(TRY IT) Please output the listing that follows exactly, but keep all images out.
[RECORDS FOR THE TASK — start]
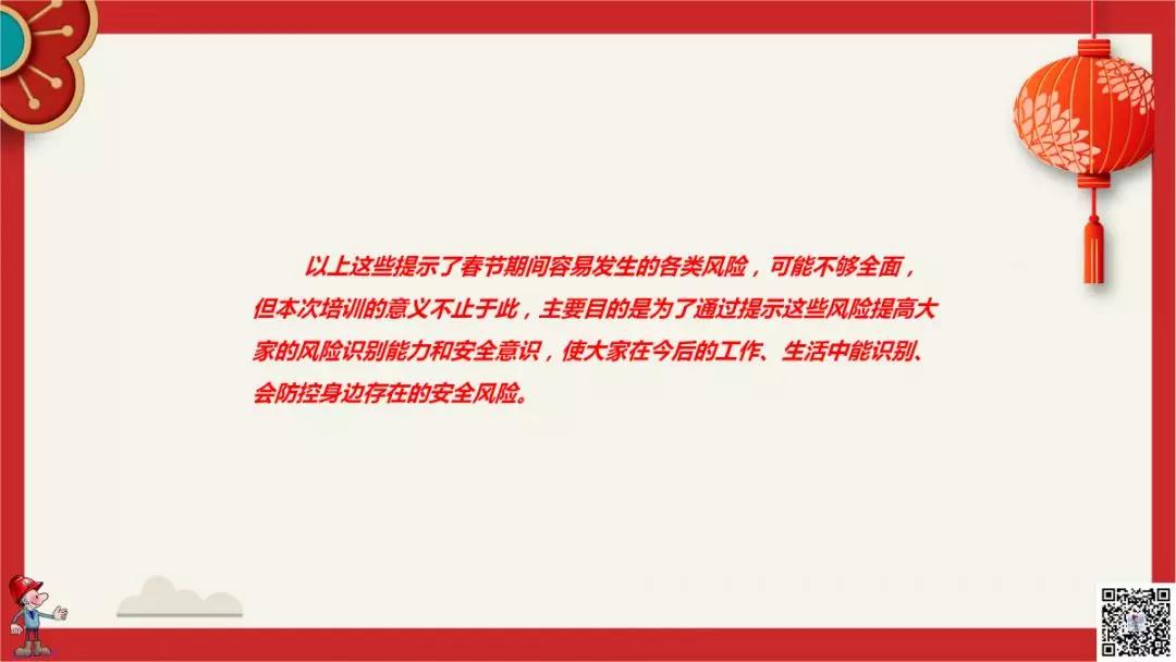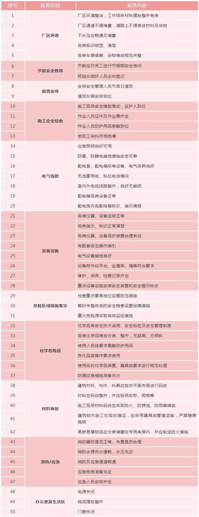 2020年春節即將來臨,越是歸心似箭 越要繃緊安全弦!企業如何確保節日期間的安全?生活中又有哪些需要警惕的風險? 這份節前安全教育培訓關乎我們每個人,一定要仔細閱讀! 節前安全檢查表 80項! 為確保節日期間的安全及節后復工復產能平穩有序進行,節前的安全檢查千萬要高度重視!節前,職工思想比較活躍,精力容易分散,是生產事故的易發期和敏感期,要牢固樹立“以人為本,安全第一”的思想,本著“先安全后生產,不安全不生產”的原則,認真做好安全檢查和員工節前安全教育工作。加強安全生產檢查,防止違章行為發生,確保安全生產受控。
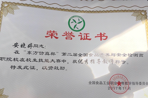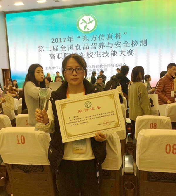 第二届全国食品营养与安全检测高职院校在校生技能大赛于11月7号-9号在江苏农林职业技术学院举办,食品环境与工程系马雪同学荣获食品中微生物检测项目二等奖。
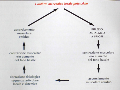 I centri sottocorticali inviano, tramite il gamma motoneurone, un messaggio di contrazione a tutti i muscoli periarticolari in modo da immobilizzare l’articolazione. Tale contrazione durerà sino a che le strutture endo-articolari lesionate non saranno riparate. Il tempo di contrazione in tenuta sarà proporzionale al danno; di conseguenza, lo sarà anche l’accorciamento muscolare residuo.
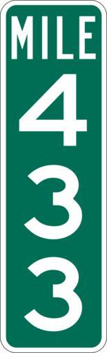 Keywords: Mile Marker 433.svg PD MUTCD Rfc1394 457 1676 18 60 triple digit mile marker D10-3 Made using Viridian SVG Batcher this file was fabricated by a program 2009-03-05 Paul Robinson Rfc1394 Own work all rights released Public domain D10-3 - Distance Signs-3 Digit |
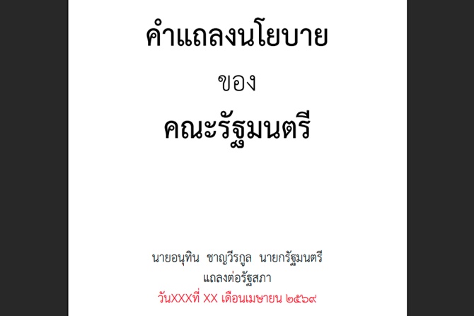 - เปิดคำแถลงนโยบายรัฐบาล “อนุทิน 2” ชู 5 นโยบายหลัก รวม 21 หน้า ต่อรัฐสภา วันที่ 9-10 เม.ย.นี้ 6 เม.ย. 2569
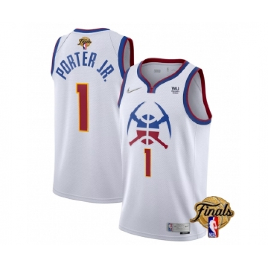 Men's Denver Nuggets #1 Michael Porter Jr. White 2023 Finals Earned Edition Stitched Basketball Jersey
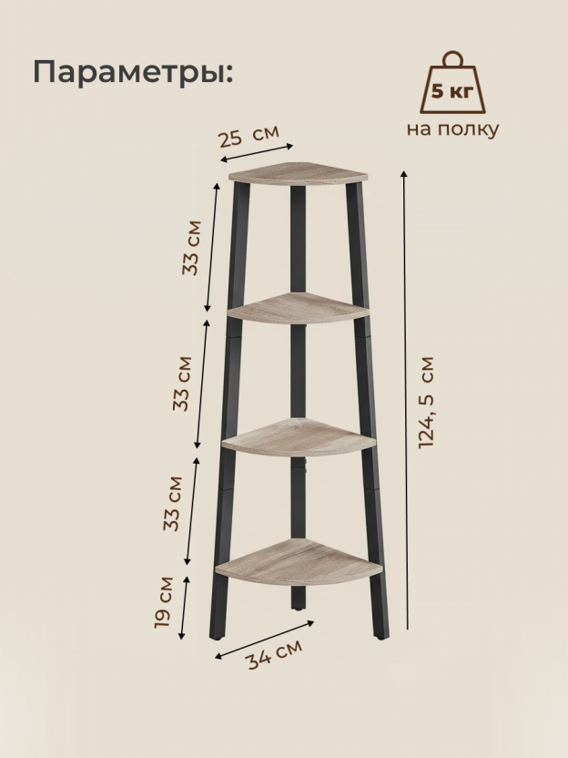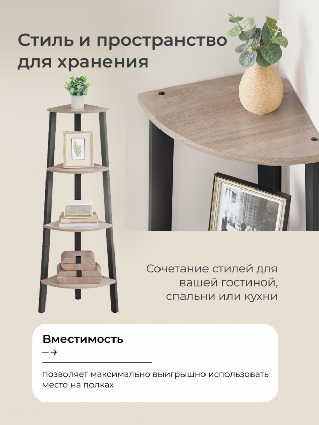 4-уровневые открытые полки: веерообразные полки обеспечивают достаточно места, в то же время полностью используя угловое пространство, что идеально подходит для хранения любых предметов, которые вы хотите показать.
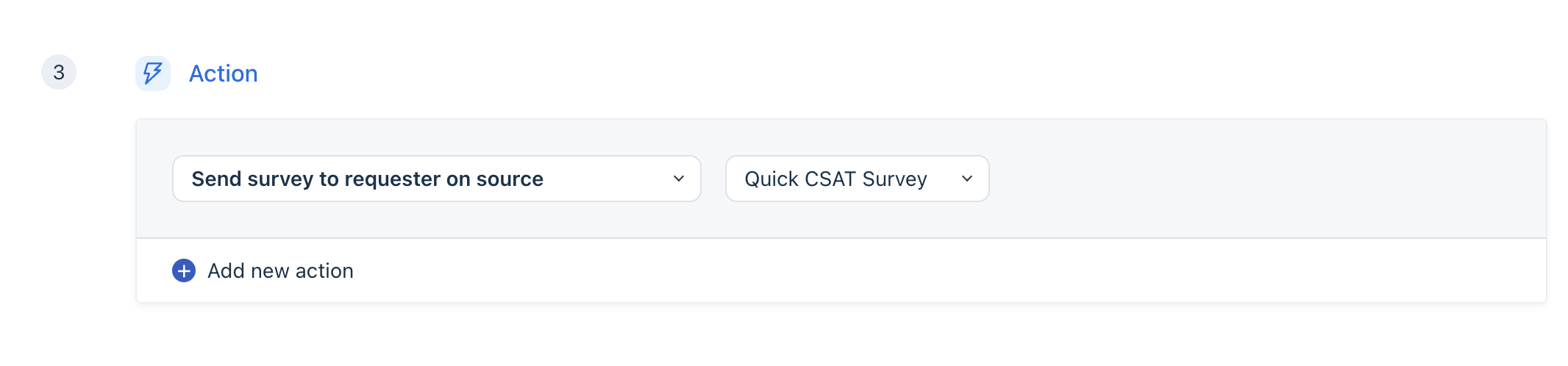 - Receive team-specific feedback: Create rules to send CSAT surveys based on the team that resolved the ticket. For example, if the billing team handles a ticket, the rule triggers a CSAT survey specific to the billing team. This ensures that every resolved ticket prompts a satisfaction survey for the customer.
[RECORDS FOR THE TASK — finish]
(ANSWER TO THE PROBLEM)
 2020年春節即將來臨,越是歸心似箭 越要繃緊安全弦!企業如何確保節日期間的安全?生活中又有哪些需要警惕的風險? 這份節前安全教育培訓關乎我們每個人,一定要仔細閱讀! 節前安全檢查表 80項! 為確保節日期間的安全及節后復工復產能平穩有序進行,節前的安全檢查千萬要高度重視!節前,職工思想比較活躍,精力容易分散,是生產事故的易發期和敏感期,要牢固樹立“以人為本,安全第一”的思想,本著“先安全后生產,不安全不生產”的原則,認真做好安全檢查和員工節前安全教育工作。加強安全生產檢查,防止違章行為發生,確保安全生產受控。
 第二届全国食品营养与安全检测高职院校在校生技能大赛于11月7号-9号在江苏农林职业技术学院举办,食品环境与工程系马雪同学荣获食品中微生物检测项目二等奖。
 I centri sottocorticali inviano, tramite il gamma motoneurone, un messaggio di contrazione a tutti i muscoli periarticolari in modo da immobilizzare l’articolazione. Tale contrazione durerà sino a che le strutture endo-articolari lesionate non saranno riparate. Il tempo di contrazione in tenuta sarà proporzionale al danno; di conseguenza, lo sarà anche l’accorciamento muscolare residuo.
 Keywords: Mile Marker 433.svg PD MUTCD Rfc1394 457 1676 18 60 triple digit mile marker D10-3 Made using Viridian SVG Batcher this file was fabricated by a program 2009-03-05 Paul Robinson Rfc1394 Own work all rights released Public domain D10-3 - Distance Signs-3 Digit |
 - เปิดคำแถลงนโยบายรัฐบาล “อนุทิน 2” ชู 5 นโยบายหลัก รวม 21 หน้า ต่อรัฐสภา วันที่ 9-10 เม.ย.นี้ 6 เม.ย. 2569
 Men's Denver Nuggets #1 Michael Porter Jr. White 2023 Finals Earned Edition Stitched Basketball Jersey
 4-уровневые открытые полки: веерообразные полки обеспечивают достаточно места, в то же время полностью используя угловое пространство, что идеально подходит для хранения любых предметов, которые вы хотите показать.
 - Receive team-specific feedback: Create rules to send CSAT surveys based on the team that resolved the ticket. For example, if the billing team handles a ticket, the rule triggers a CSAT survey specific to the billing team. This ensures that every resolved ticket prompts a satisfaction survey for the customer.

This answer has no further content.